Null references redux

Walter Bright newshound1 at digitalmars.com
Sat Sep 26 14:08:32 PDT 2009


Denis Koroskin wrote:
 > On Sat, 26 Sep 2009 22:30:58 +0400, Walter Bright
 > <newshound1 at digitalmars.com> wrote:
 >> D has borrowed ideas from many different languages. The trick is to
 >> take the good stuff and avoid their mistakes <g>.
 >
 > How about this one:
 > 
http://sadekdrobi.com/2008/12/22/null-references-the-billion-dollar-mistake/ 

 >
 >
 > :)

I think he's wrong.

Getting rid of null references is like solving the problem of dead 
canaries in the coal mines by replacing them with stuffed toys.

It all depends on what you prefer a program to do when it encounters a 
program bug:

1. Immediately stop and produce an indication that the program failed

2. Soldier on and silently produce garbage output

I prefer (1).

Consider the humble int.
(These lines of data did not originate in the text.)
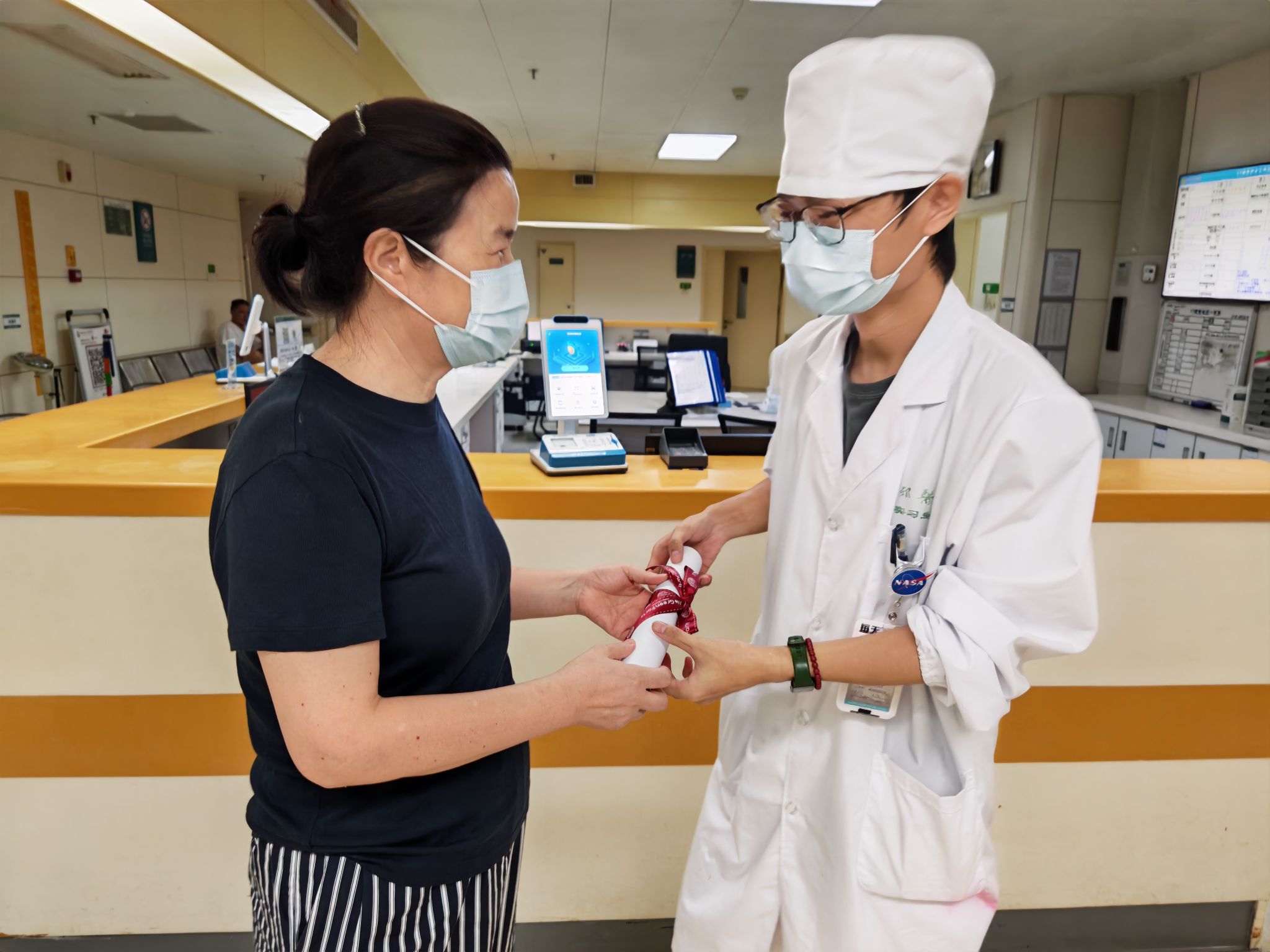 当日傍晚,方嘉鑫刚刚结束下午实习工作,正欲外出就餐,途径住院大厅时突然听到呼救声,他毫不犹豫冲上前去,迅速跪地检查患者体征,表明实习护生身份后,他一边安抚家属情绪,一边查验患者手腕带,发现其为肾内科住院患者。根据患者意识尚存但周身乏力、面色苍白的症状,方嘉鑫初步判断其为严重低血糖反应。
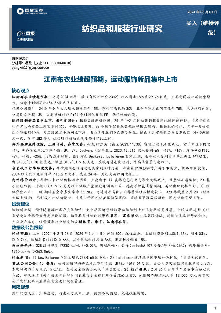 国金证券:纺织品和服装行业研究:江南布衣业绩超预期,运动服饰新品集中上市.pdf
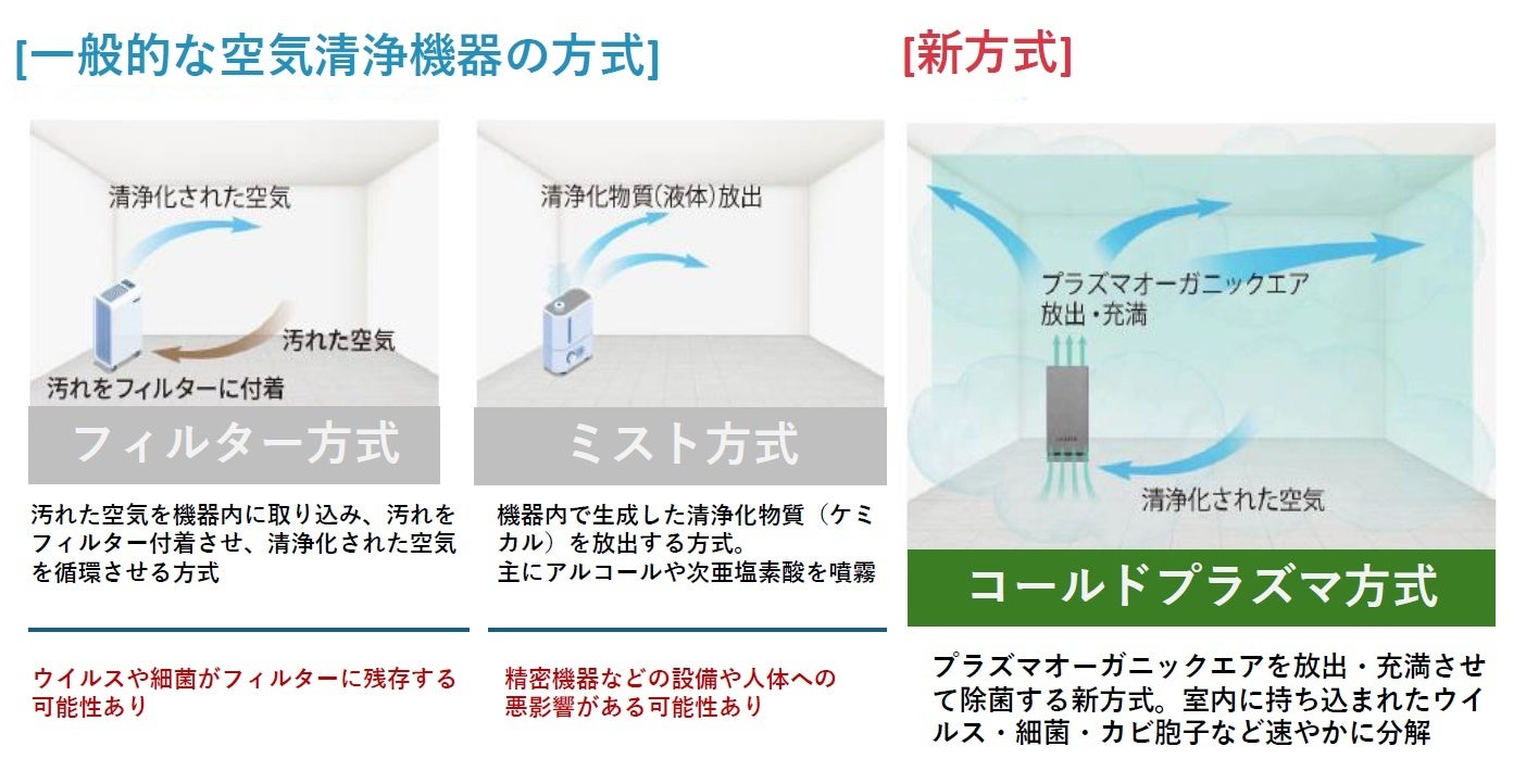 一般的なコールドプラズマは、細長い電極間や針形状電極の先端などで生成される方法が主流で、ラジカル基の生成効率の改善が課題となっていました。一方「コールドプラズマ技術」は、コールドプラズマ発生電極の形状が「面」で構成されており、かつこの電極を「積層化」することで、少ないエネルギーでより多くのプラズマ領域を発生させることができるため、生成されるラジカル基の発生効率を最大化できる仕組みです。この技術で有効成分を空間に放出・充満させることで、従来よりも効率的な空間除菌が可能です。
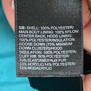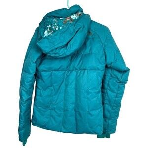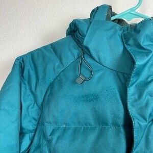 Teal warm hooded zip up goose down coat. Has some stains/wear please see all photos for detail. Zipper works great. From a smoke free home size XS.
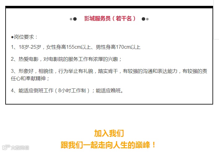 文山横店电影城火热招聘中,诚征有志之士加入!
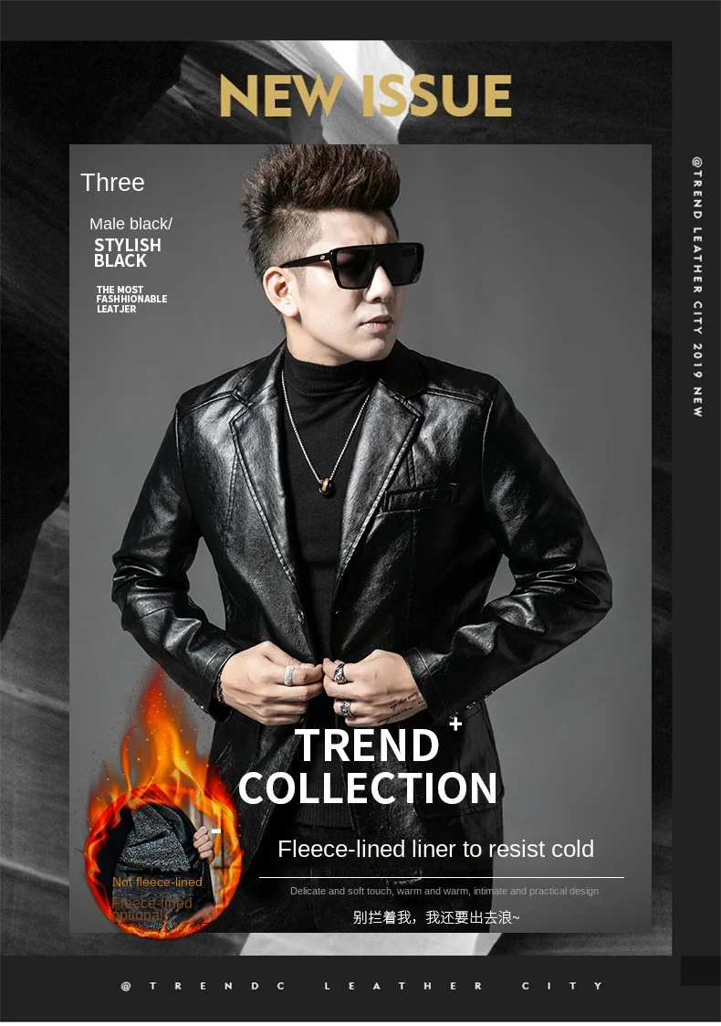 Men’s ODM Casual Fleece-Lined Leather Bomber Jacket for Winter High Quality PU Material Autumn New Style with Generational Lapel

There is no invalid value such that referencing 
the invalid value will cause a seg fault. One case is an uninitialized 
int is set to garbage, and erratic results follow. Another is that (in 
D) ints are default initialized to 0. 0 may or may not be what the logic 
of the program requires, and if it isn't, again, silently bad results 
follow.

Consider also the NaN value that floats are default initialized to. This 
has the nice characteristic of you know your results are bad if they are 
NaN. But it has the bad characteristic that you don't know where the NaN 
came from. Don corrected this by submitting a patch that enables the 
program to throw an exception upon trying to use a NaN. Then, you know 
exactly where your program went wrong.

It is exactly analogous to a null pointer exception. And it's darned useful.